WHAT TO WORK ON >>
Below are entries with pictures among them; reproduce exactly, and only, the lines from the one containing "Restyle’s Forest Witch" down to the one containing "The course took", without the pictures.

TASK INPUTS >>
((
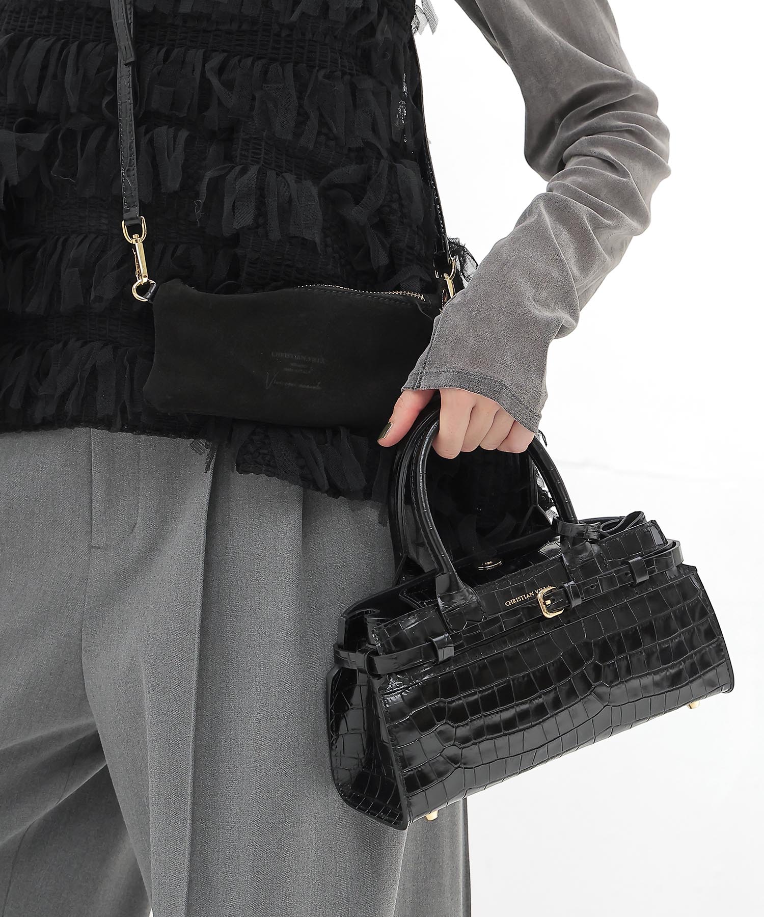 光沢のある素材感で、着用すると一気にモードな印象となります。
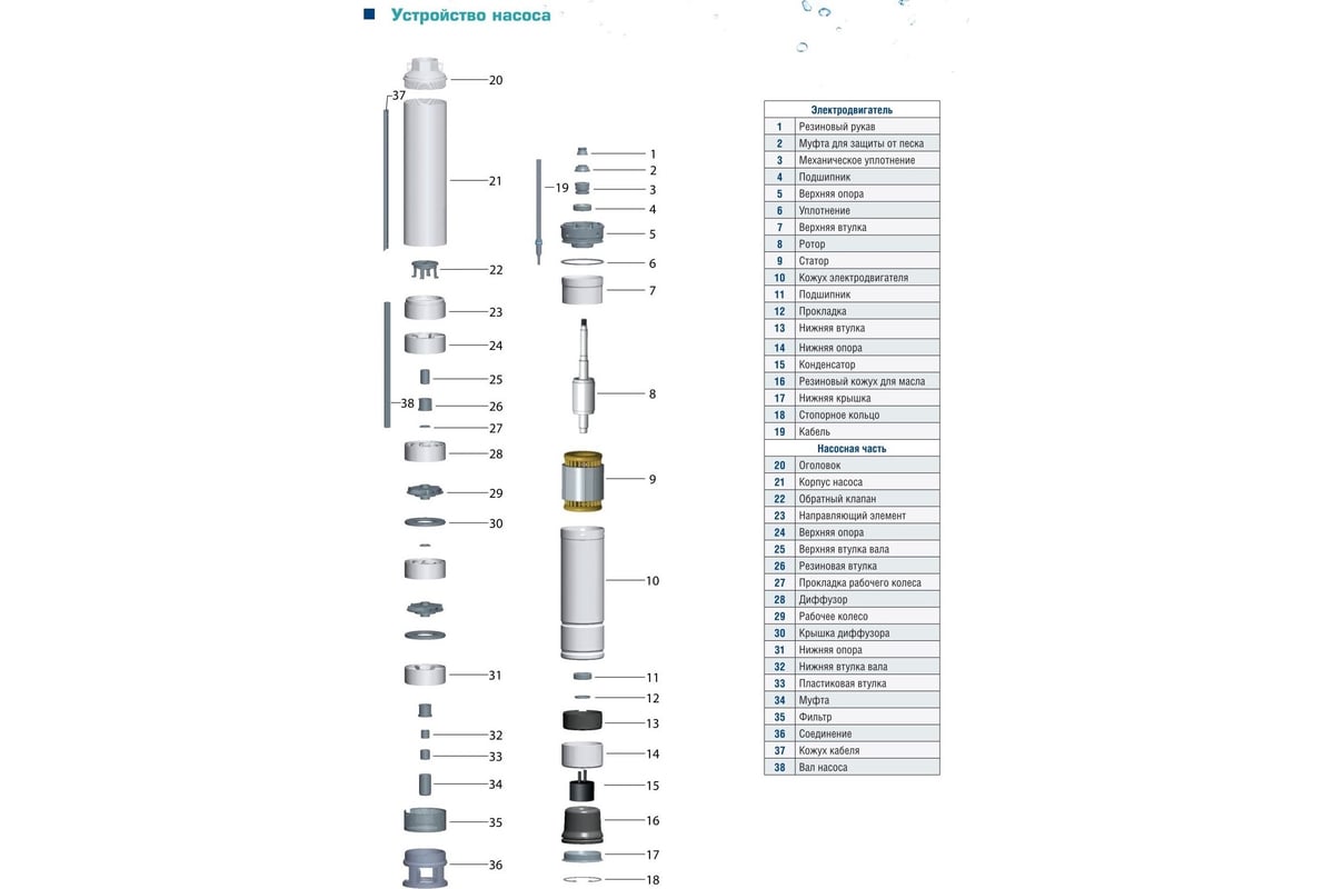 - Перекачивает чистую воду, с содержанием песка не более 150 г/м3;
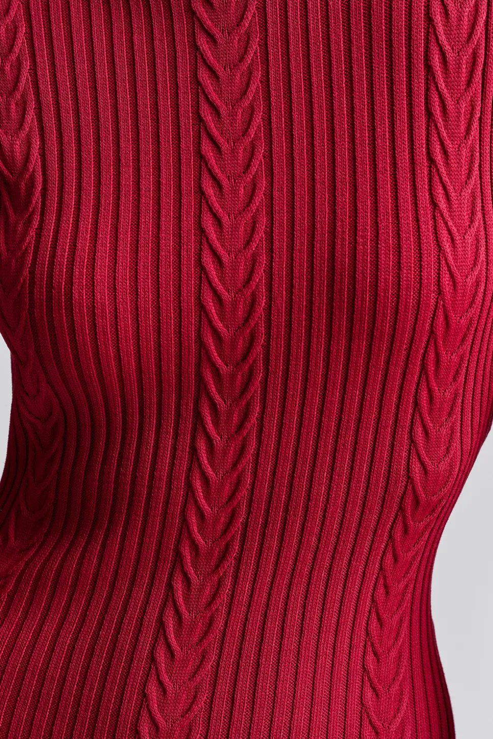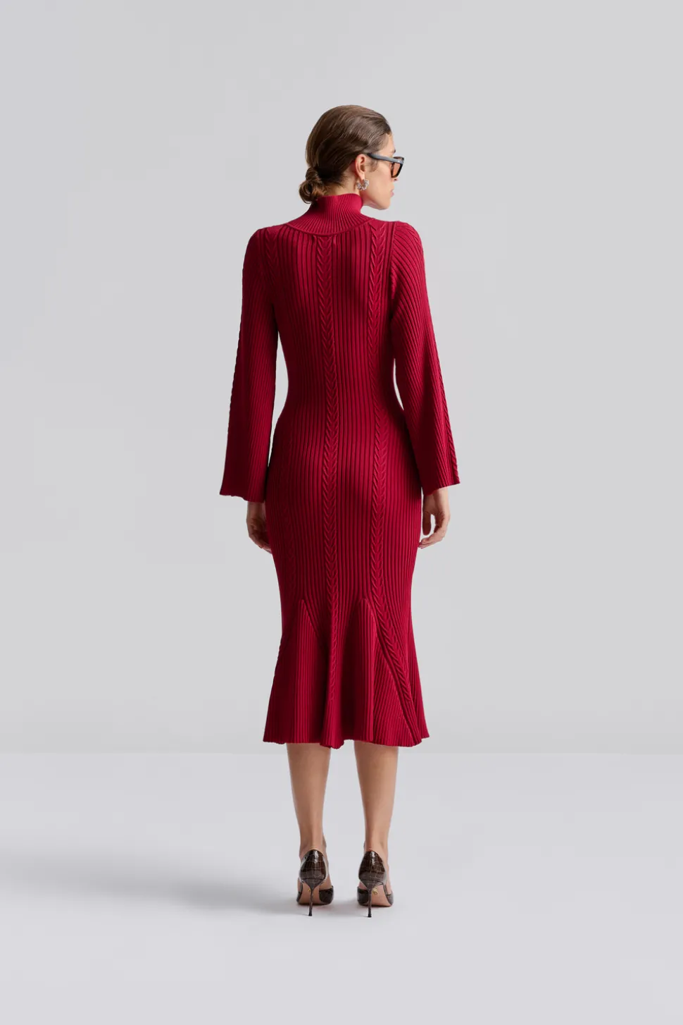 Kabelstickad maxiklänning med polo krage och långa vida ärmar.
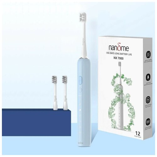 Nandme Электрическая зубная щетка Nandme NX7000, 5 режимов, АКБ, 2600 мАч, 2 насадки, голубая
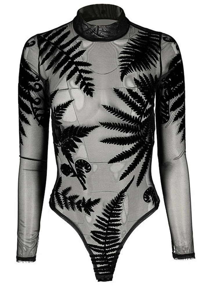 Restyle’s Forest Witch Bodysuit is a long sleeved bodysuit with high neck. The body has a flocked pattern of fern leaves and fastens at the bottom with 2 hooks.
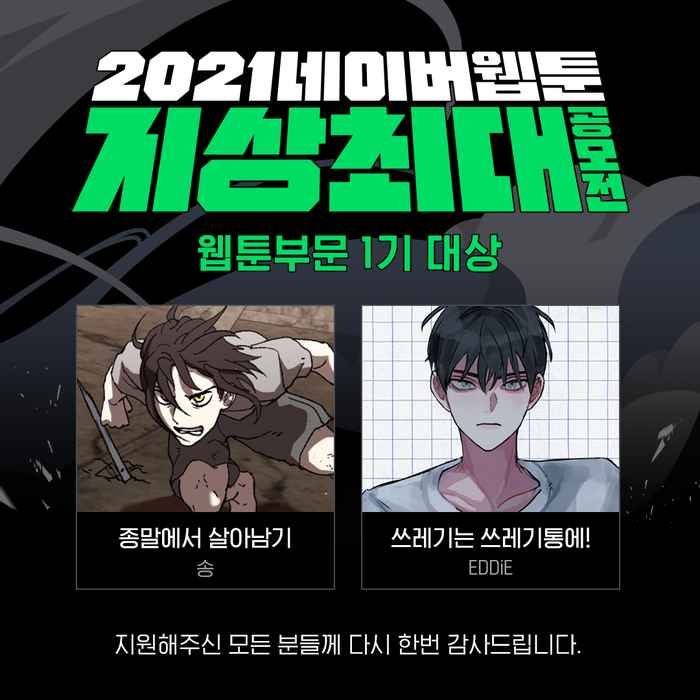 금일(28일) 네이버웹툰에 따르면 ‘2021 지상최대공모전’ 웹툰 부문 1기 대상으로 송 작가의 ‘종말에서 살아남기’와 EDDiE 작가의 ‘쓰레기는 쓰레기통에!’가 선정됐다.
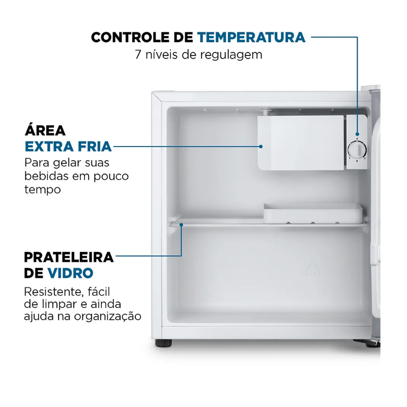 Com design compacto, o interior foi projetado para aproveitar cada centímetro de forma eficiente. A prateleira de vidro temperado, além de oferecer estabilidade e ser fácil de limpar, é ideal para organizar muito bem todos os itens. O compartimento interno da porta acomoda garrafas de até 2 litros, enquanto a área extra fria gela bebidas rapidamente, trazendo mais praticidade ao seu dia a dia.
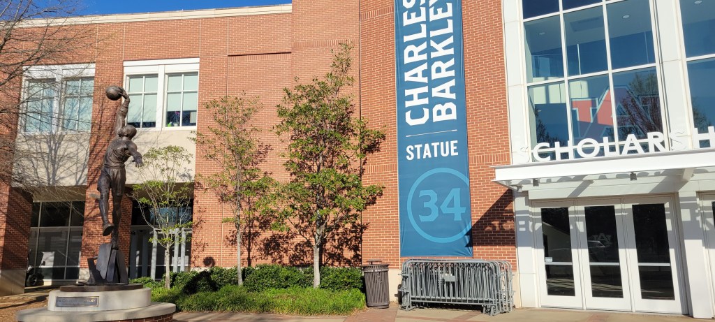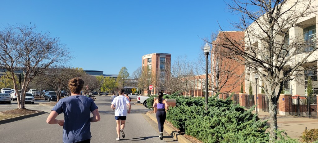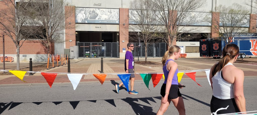 The course took us around the athletic facilities and other non-academic areas of the Auburn campus amidst small rolling hills – including one mid-race incline that made us work a bit. Beginning and ending in the shadow of storied Jordan-Hare Stadium, the aura of big-time college athletics permeated as we ran past the statues of Heisman Trophy winners Pat Sullivan, Bo Jackson, and Cam Newton, and past the arena where Charles Barkley and Chuck Person played college hoops.
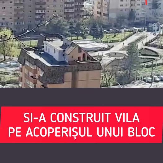 Practic, lângă spațiile tehnice amenajate din construcția imobilului este și o construcție ce seamănă cu o casă, cu terasă. „O casă pe un bloc? Cu toate actele la zi!?….NU CRED! Orașul tuturor posibilităților urbanistice!”, a remarcat Eugen H., autorul filmării.
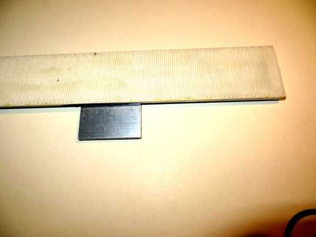 - Coloque el lado del gancho cinta hacia abajo en algo desechable e impermeable y peso cada extremo hacia abajo con algo por lo que permanece plana.
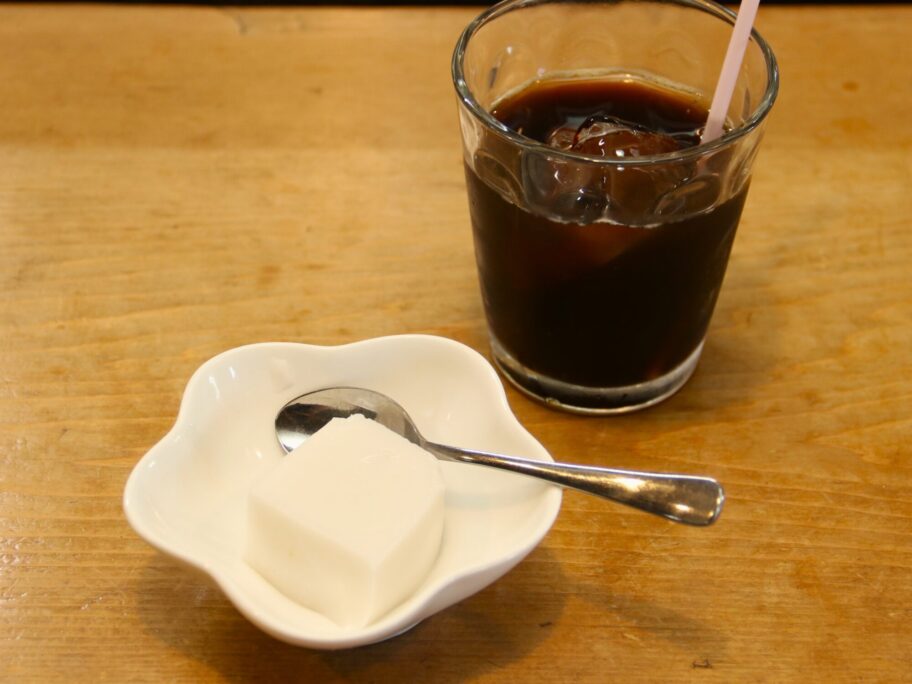 食後にココナツミルクプリンとアイスコーヒーをいただき、ご主人とおしゃべりを楽しみます。
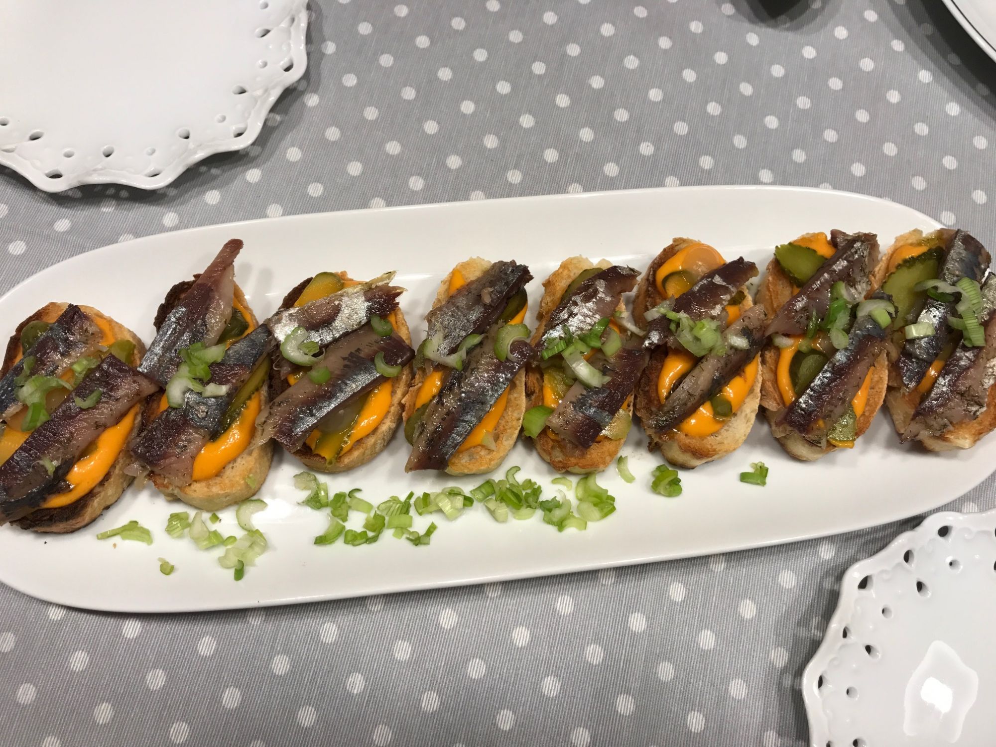 Cortamos unas rebanadas de pan y las tostamos como si fuera para desayuno, sobre estas cuando ya estén bajas de temperatura ponemos una cucharada de Salmorejo y cubrimos con láminas de pepinillo y cebollita en vinagre. Sobre esto colocamos los filetes de arenque y por último adornamos con la parte verde de la cebolleta picada (en mi caso la remojo en vinagre blanco una media hora y escurro).
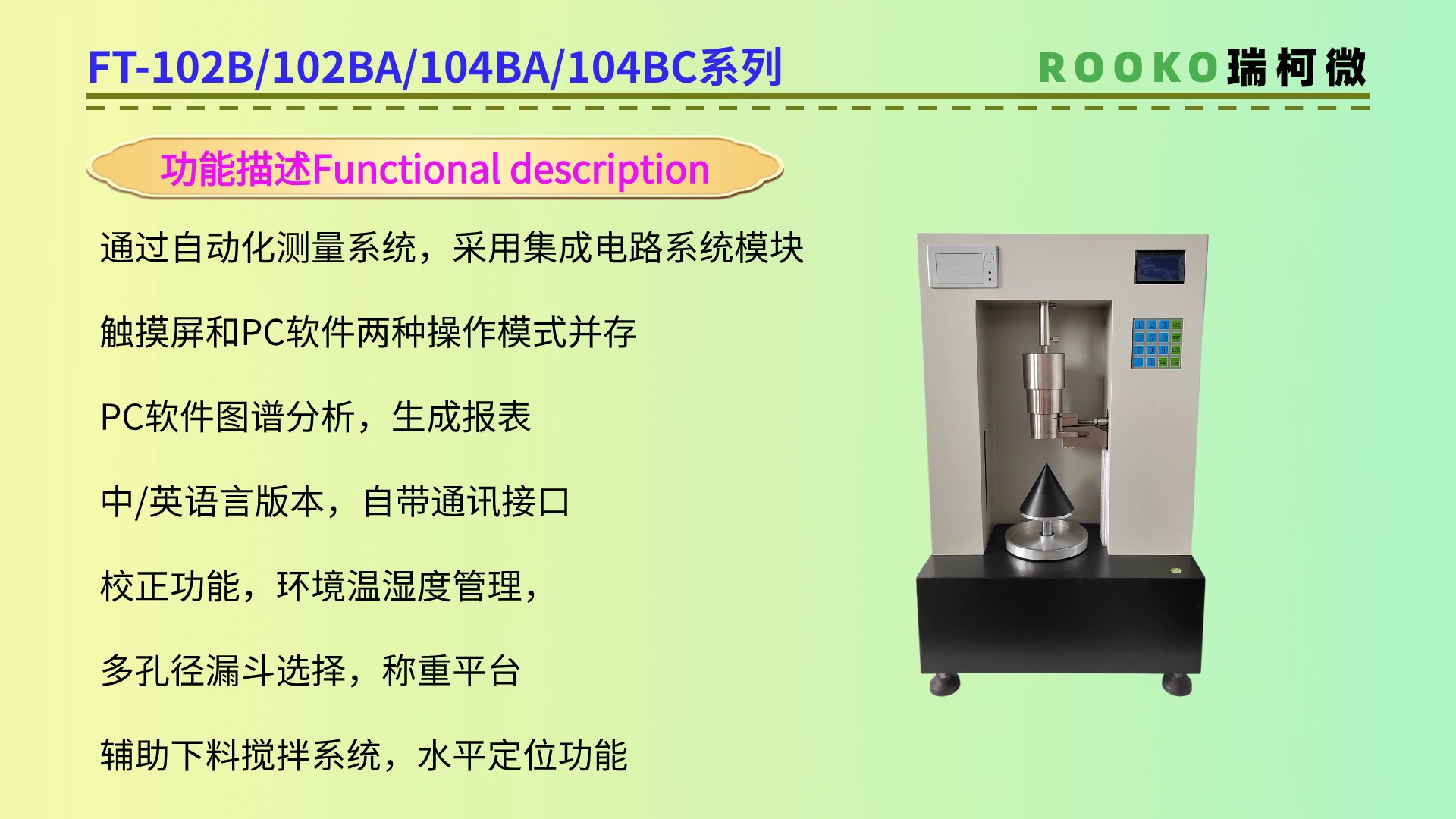 特點:休止角測定儀通常具有測量準確、操作簡便、重復性好等特點。此外,一些休止角測定儀還具有自動化測量、數據記錄和分析等功能FT-104BA。
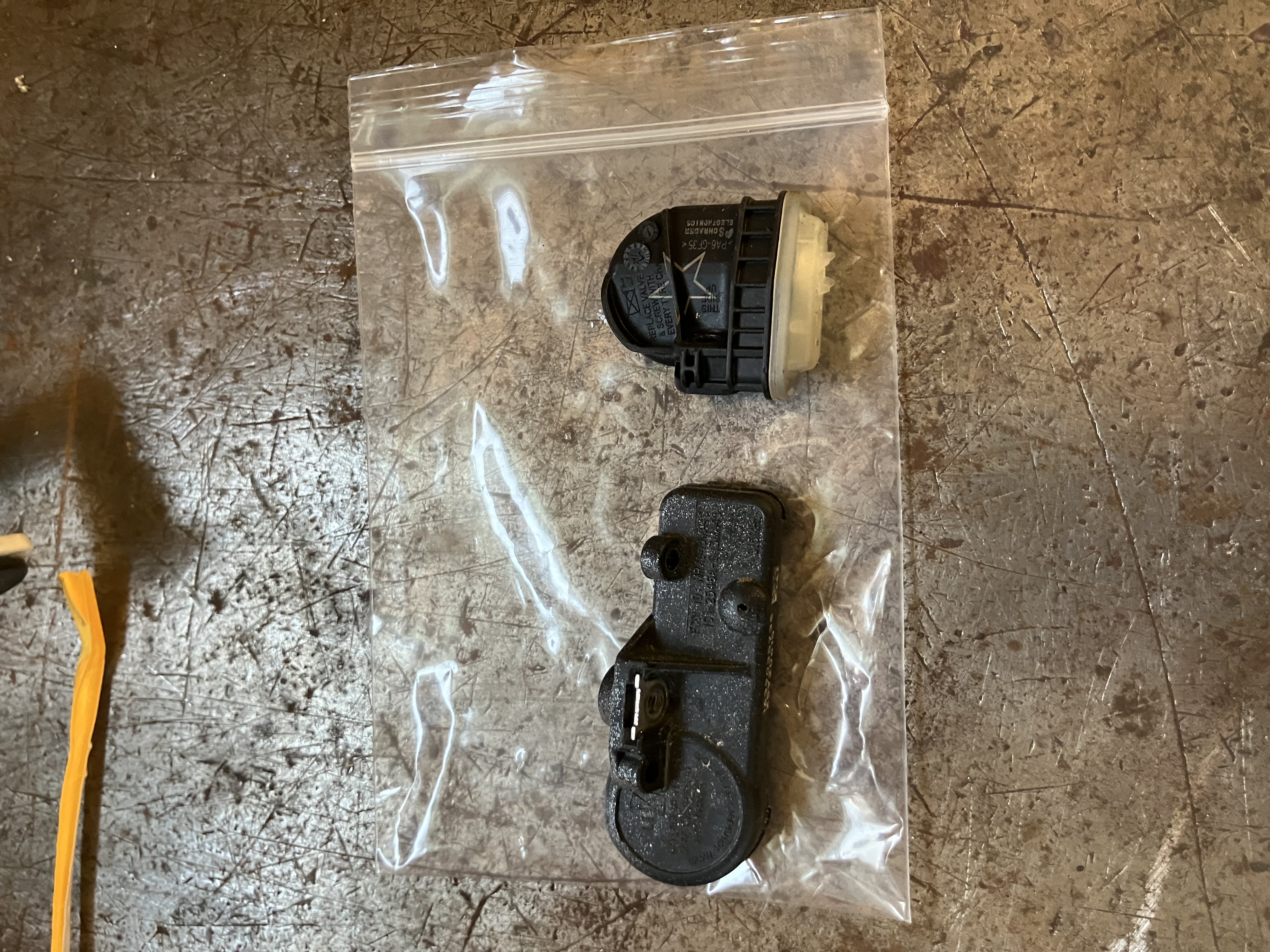 RR TPMS sensor has failed. I made a couple attempts at this but so far have not been able to get the car to recognize either of them. I've ordered another from another supplier, and I also want to try driving it a short distance then attempting the learning sequence - I seem to recall having that problem on other GM cars in the past. There was another tire with a slow leak at the bead which I was able to fix by breaking the bead off the rim an sanding down the bead.
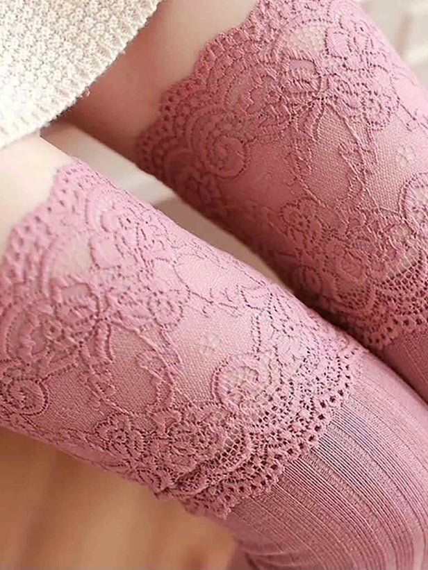 Dantel Pembe Diz Üstü Koton Çorap
))
ANSWER TO THE PROBLEM >>
 Restyle’s Forest Witch Bodysuit is a long sleeved bodysuit with high neck. The body has a flocked pattern of fern leaves and fastens at the bottom with 2 hooks.
 금일(28일) 네이버웹툰에 따르면 ‘2021 지상최대공모전’ 웹툰 부문 1기 대상으로 송 작가의 ‘종말에서 살아남기’와 EDDiE 작가의 ‘쓰레기는 쓰레기통에!’가 선정됐다.
 Com design compacto, o interior foi projetado para aproveitar cada centímetro de forma eficiente. A prateleira de vidro temperado, além de oferecer estabilidade e ser fácil de limpar, é ideal para organizar muito bem todos os itens. O compartimento interno da porta acomoda garrafas de até 2 litros, enquanto a área extra fria gela bebidas rapidamente, trazendo mais praticidade ao seu dia a dia.
 The course took us around the athletic facilities and other non-academic areas of the Auburn campus amidst small rolling hills – including one mid-race incline that made us work a bit. Beginning and ending in the shadow of storied Jordan-Hare Stadium, the aura of big-time college athletics permeated as we ran past the statues of Heisman Trophy winners Pat Sullivan, Bo Jackson, and Cam Newton, and past the arena where Charles Barkley and Chuck Person played college hoops.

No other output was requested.